Aos oito anos de idade, já escrevia versos. Foi leiteiro, condutor de bois, carregador de malas, menino de recados, engraxate, marceneiro e lavrador, ao mesmo tempo em que frequentava a escola. Aos dez anos, perdeu o pai e sua mãe foi, com os filhos, morar no centro de Miraí.

 

Aos dezoito anos, fixou residência no Rio de Janeiro acompanhando um médico para o qual trabalhava dia e noite como ajudante de farmácia. Aos dezenove anos tocava violão, cavaquinho e bandolim. Casou-se com Judite, vindo o casal a ter cinco filhos.

 

Aos vinte anos começou a compor e tornou-se diretor de harmonia de Fale Quem Quiser, bloco organizado pelo pessoal do bairro.

 

Em 1933, Almirante gravou o samba Sexta-feira, sua primeira composição a ser lançada em disco. Dias depois, Carmen Miranda, gravou Tempo Perdido, garantindo sua entrada no mundo artístico. Em 1958 apareceu no filme Meus Amores no Rio.

 

Sua musicografia ultrapassa 320 canções, sendo uma das maiores da música popular brasileira, tendo como intérpretes importantes que fizeram versões de suas músicas Clara Nunes e os grupos Quarteto em Cy e MPB-4.

 

Faleceu em decorrência do agravamento de uma úlcera, após uma intervenção cirúrgica, no Rio de Janeiro, poucos dias antes de completar 60 anos de idade. Era chamado – no meio artístico – de “garnizé”, provavelmente por ter estatura baixa. Garnizé é uma espécie de galo de menor porte.

Maiores sucessos

 

Ai, que saudades da Amélia (com Mário Lago)

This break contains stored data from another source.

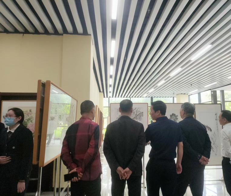 开幕式后,李治偕同各位嘉宾以及艺术学院师生们欣赏自己的画作,并向他们介绍了自己的一些画作。多年来的画艺修炼使得李治的作品形成了以北方雄放之气为骨、南方细致之意为气"的独特个人艺术风格,值得我们细细品味。
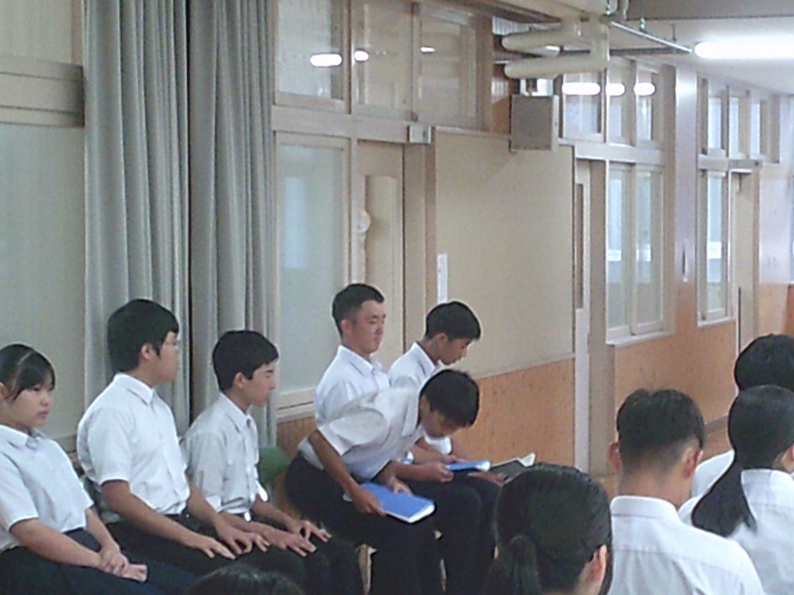 8月29日(金)の専門委員会を受けて、本日朝、生徒集会が行われました。9月の取組で前期が終わります。各員会でも、最後の活動計画を立て、全校生徒に活動を訴えました。一歩ずつ、生徒自身の手でつくる学校に近づいてますね。
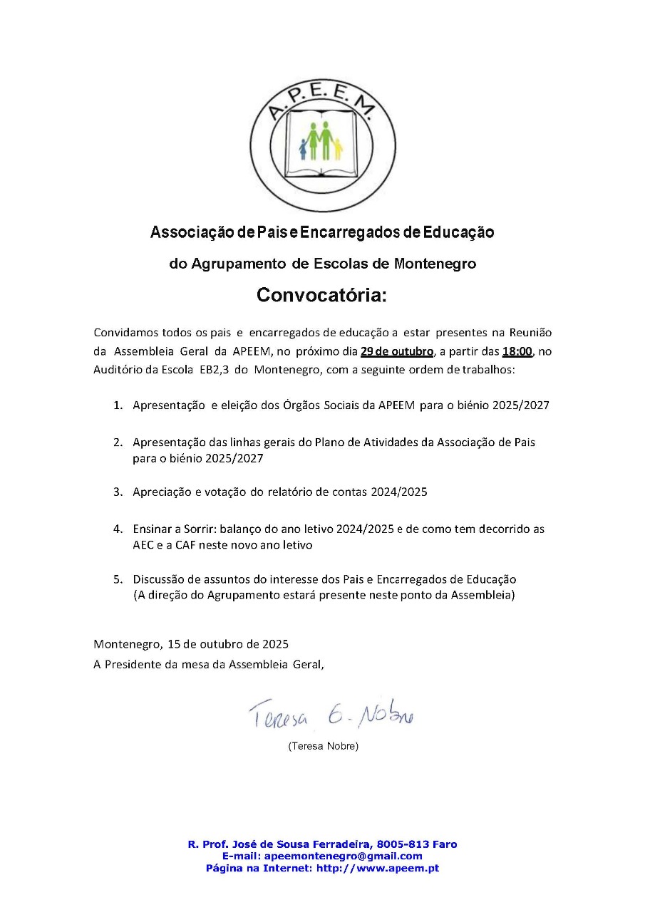 A Assembleia vai-se realizar no próximo dia 29 de outubro, a partir das 18:00, no Auditório da Escola EB2,3 do Montenegro, com a seguinte ordem de trabalhos:
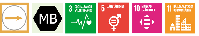 Bild: Sex symboler. Den första symbolen visar en grön pil uppåt vilket innebär att planen bedöms ha positiva konsekvenser för hållbart vardagsliv och levande samhällen. Symbolen MB indikerar att aspekten finns med i miljöbalken. Fyra symboler visar att aspekten relaterar till de globala målen God hälsa och välbefinnande, Jämställdhet, Minskad ojämlikhet samt Hållbara städer och samhällen.
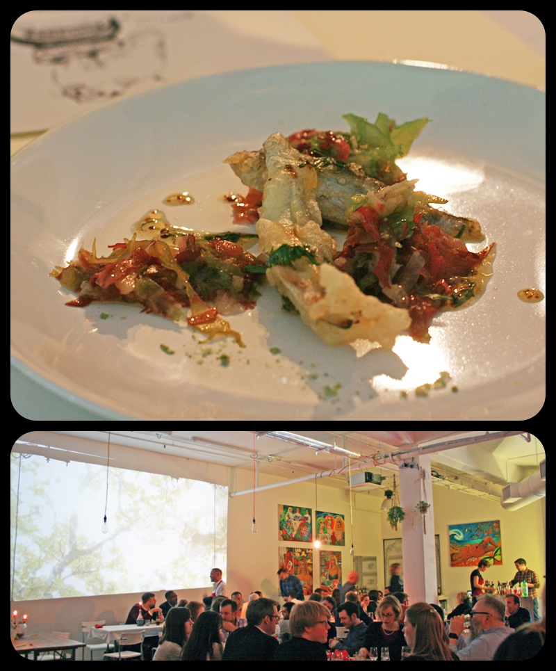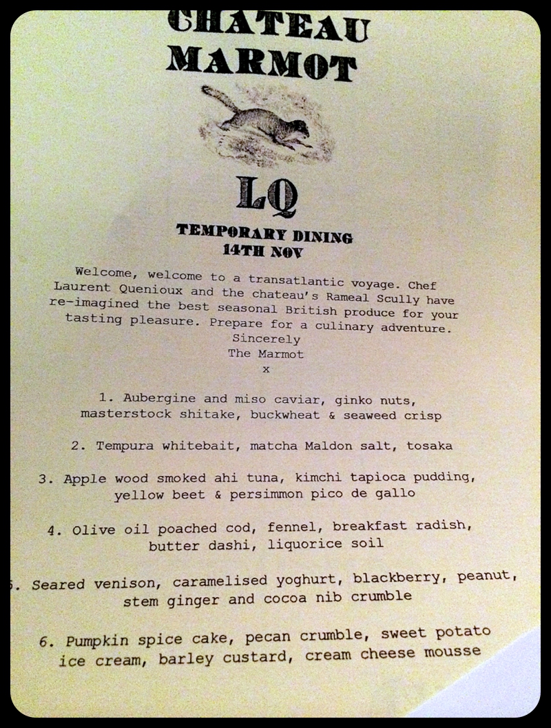 To eat the most exciting food at the best prices, sometimes a little tramping of the streets is required, down cobbled streets and through industrial archways. Thus we found ourselves in East London, on the hunt for a Marmot hidden behind a man with a clipboard under a violet street light. We knew it would be worth the trip after visiting their Leeds pop up and took along some friends for the tastebud ride. As you can see from the menu below, which we didn’t see ’til we arrived #topsecret, there were some unusual combinations and ingredients I hadn’t ever heard of before – tosaka anyone? That’s what I love about pop-ups, sheer indulgence and mostly for an excellent price, in this case under £50 for six courses. A treat yes, but one guaranteed to get you talking, get you inspired and get you taking a risk with your cooking!
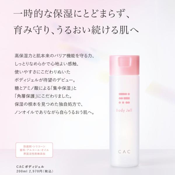 CAC ボディジェル【先着30個限定】2026年3月11日〜新発売キャンペーン!通常2,970円 →2,600円(税込)お子様にも使える無添加処方 ノンオイル、ノンシリンコン
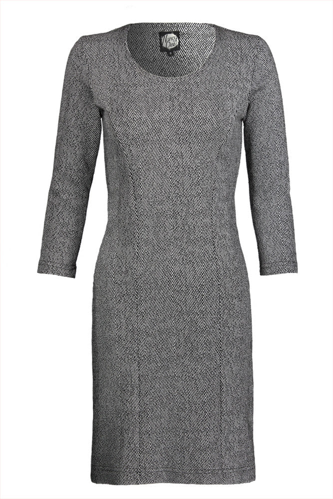 This simple and classic shift dress has a demure scoop neckline and 3/4 length sleeves.The seams front and back give it a softly tailored look, while the medium-weight British-made herringbone fabric feels both structured and very comfortable. A fabulous work wear dress that translates perfectly for smart evening occasions.
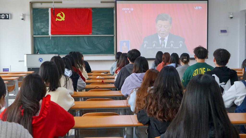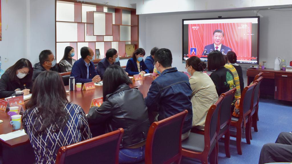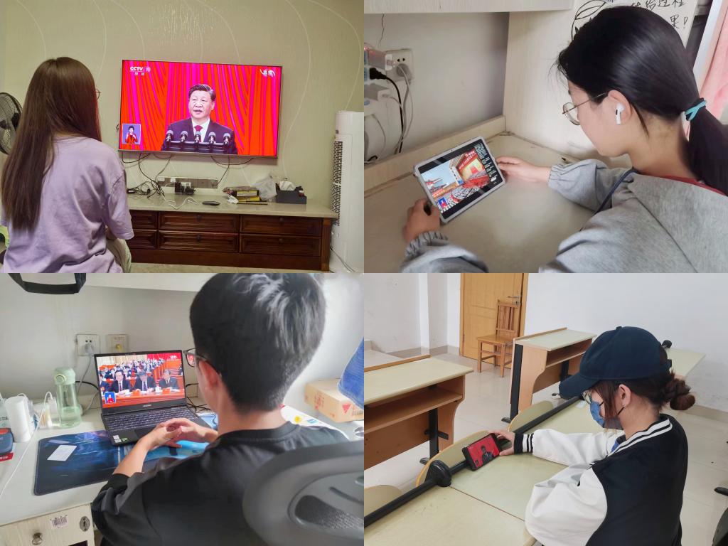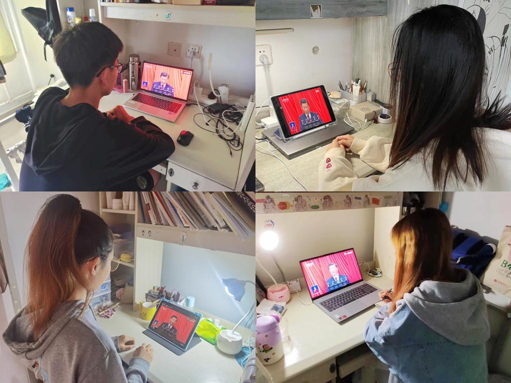 党委书记刘波,院长李森,党委副书记张代宝、滕晖,副院长郭健、赵宝廷,全体党支部书记,教师党员代表和学生党员代表分别在舜耕校区816会议室和圣井校区7322教室集中收听收看开幕会盛况。
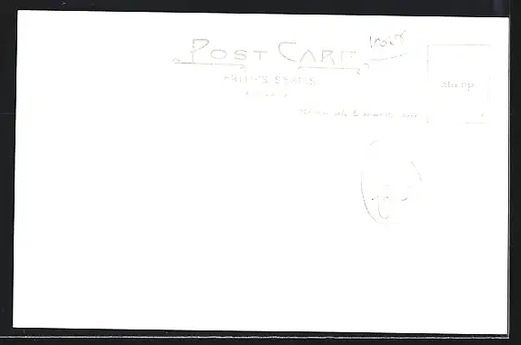 Personenbezogene Daten auf der Rückseite der Karte wurden durch blauen Textmarker unkenntlich gemacht. Die blauen Stellen sind auf die Vorderseite durchgeweicht und wirken sich negativ auf das Postkartenfoto aus
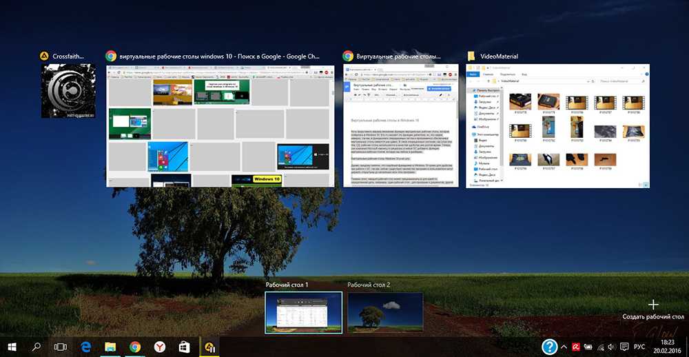 Для этой функции отдельной кнопки не предусмотрено – чтобы перейти к созданию и редактированию рабочих столов, нужно нажать на иконку «Представление задач» или Task View рядом с логотипом Microsoft и значком поиска. Нажатие на нее приводит к отображению на экране всех запущенных на данный момент приложений, а также открывает возможность создания новых виртуальных рабочих столов – просто нажмите на кнопку «Создать рабочий стол», что расположена в правом нижнем углу.
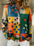 Women's Retro Colorful Abstract Geometric Printed Collared Sweater
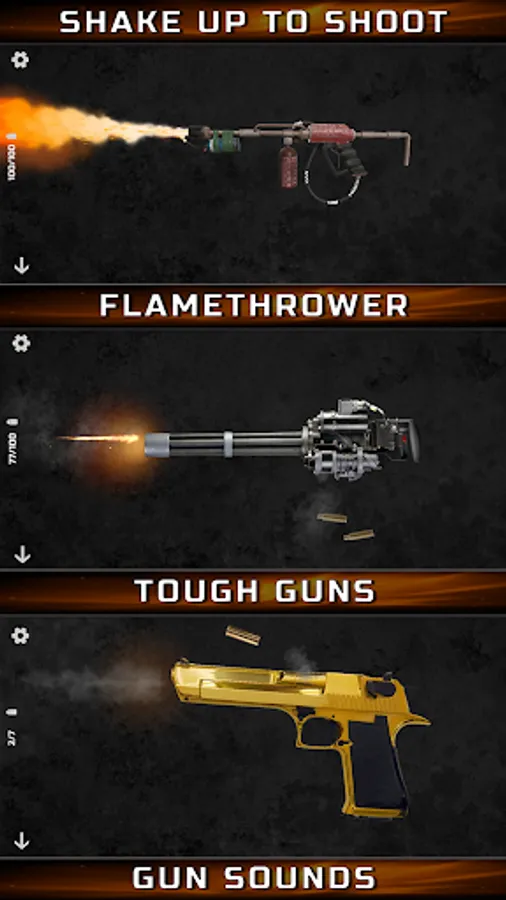 Each user of the gun app can adjust the camera flash while shooting, whether it will be on or off. Vibration can be included or not, it depends on the user’s wish, and can be turned on or off anytime. Unlimited ammo and mirror mode can both be adjusted as well. Set everything the way you like it and you are ready to try out the weapons and shoot!

Atire a primeira pedra (com Mário Lago)

Bom crioulo

Errei, erramos (com Arthur Vargas Junior)

Errei, sim

Faz como eu

Gente bem também samba

Jubileu

Laranja madura

Leva meu samba

Meus tempos de criança

Marcha pró-oriente

Mulata assanhada

Na cadência do samba (com Paulo Gesta)

Nem que chova canivete

O bonde de São Januário (com Wilson Batista)

O homem e o cão ( com Arthur Vargas Junior)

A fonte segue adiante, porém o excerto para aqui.